While it bars such suits, the measure contains an exception allowing certain cases involving defective weapons or criminal behavior by a gun maker or dealer, such as knowingly selling a weapon to someone who has failed a criminal background check. [...]
Opponents of the bill were quick to denounce it. Some highlights include:
[O]pponents called the bill shameful–”bought and paid for by the N.R.A.,” in the words of Senator Edward M. Kennedy, Democrat of Massachusetts. Representative Chris Van Hollen, Democrat of Maryland, whose constituents include victims of the 2002 sniper shootings in Washington and its suburbs, called the measure “a cruel hoax” on victims of gun violence.
“I went to a lot of memorial services during that period of time,” Mr. Van Hollen said. “I’ve met with family members. To tell them that their cases were frivolous is, I think, to add insult to injury.”

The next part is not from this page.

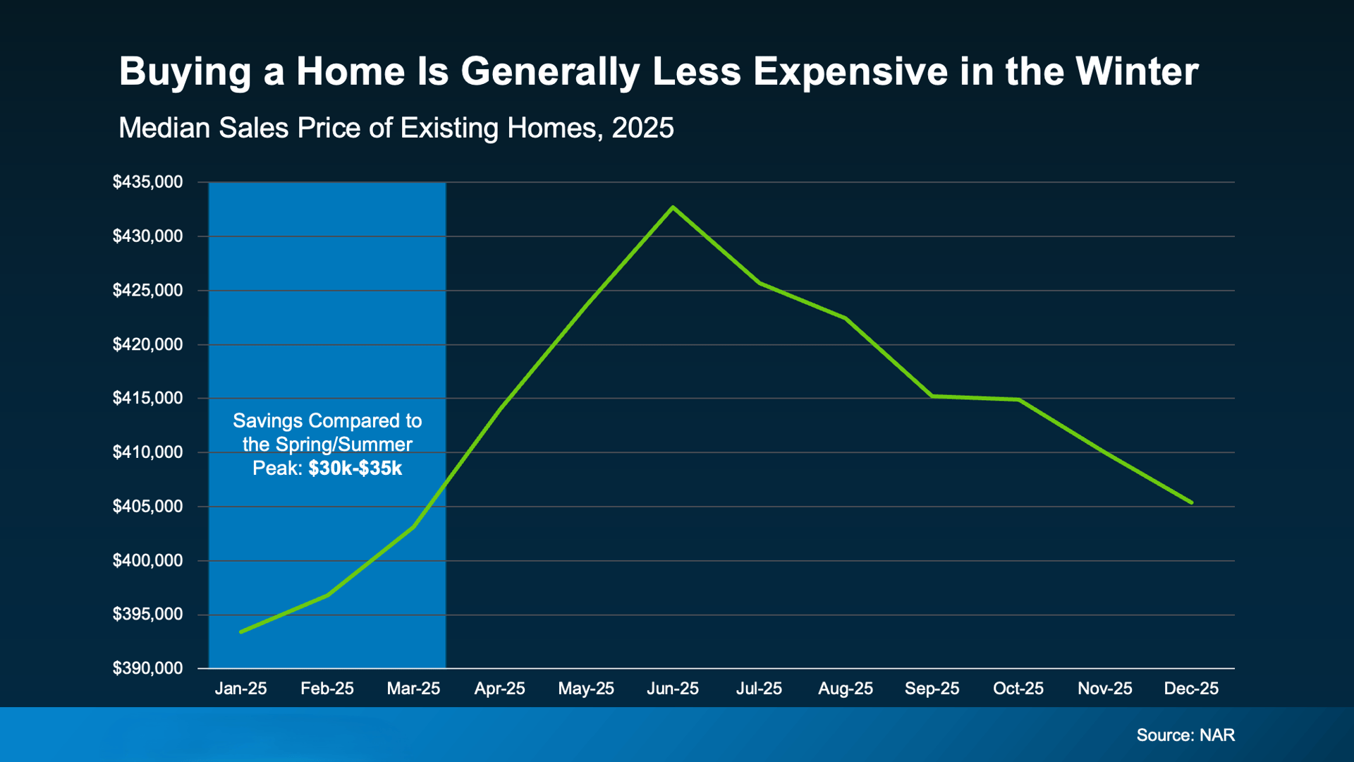 In fact, data from the National Association of Realtors shows buyers who purchased early in the year saved roughly $30,000–$35,000 compared to those who bought when prices peaked in late spring or early summer.

Sounds terrible, right? Nobody is going to deny that the victims of violence, including violence that involves firearms, generally deserve our sympathy. But let’s take a step back now and ask ourselves the following question: How can we reasonably argue that manufacturers and dealers of firearms should be held legally responsible for the violence committed with their products? We don’t hold automobile manufacturers or car dealers responsible for the thousands of violent deaths suffered by misuse of their products, unless we can show that the deaths were caused by faults in the automobiles themselves, or deceit on the part of the dealer. And there are a lot more people killed annually by cars than by guns, in the United States.
If somebody purchases a firearm, and it blows up in his face due to shoddy construction, then by all means, he ought to be able to sue the manufacturer or the dealer, as appropriate. But if the firearm functions as designed, is purchased legally, and he uses it to shoot somebody, then the responsibility falls upon the user of the firearm, not the maker.
The typical response to this line of argument seems to go as follows: “Firearms are different from cars, because unlike cars, guns are made primarily for killing people. People don’t generally buy cars in order to run other people over, but people usually buy guns in order to shoot them at other people.”
I agree that both of these statements are basically true,* but I assert that neither is a legitimate argument for passing the responsibility for misuse of firearms onto the dealers and manufacturers of those firearms, unless there is specific negligence. Of course, the attorneys for the victim of a crime involving a firearm have a great deal of incentive to make such a connexion—few individuals have the resources to pay off a large court judgement, so there is not much point in filing suit against the criminal himself. On the other hand, dealers and manufacturers are businesses, and have a lot more revenue, so naturally that’s where the attorneys want to concentrate their fire (so to speak).
“A well-ordered militia being necessary to the security of a free state, the right of the people to keep and bear arms shall not be infringed.”
Supporting the Second Amendment has become somewhat taboo, in recent history. Yet, despite the highly-emotional rhetoric on the part of those who oppose it, I believe the Second Amendment represents an important and valuable part of the freedom enjoyed by the citizens of the United States, and that it is worthy of being defended as strongly as the other liberties we so cherish.
Nowhere in the Constitution does it guarantee the people the right to a wealthy target for lawsuits, in the event they are wronged. But, despite the fact that I am probably on the opposite side of the street from the majority of the population with respect to this question, think I’m pretty much okay with that.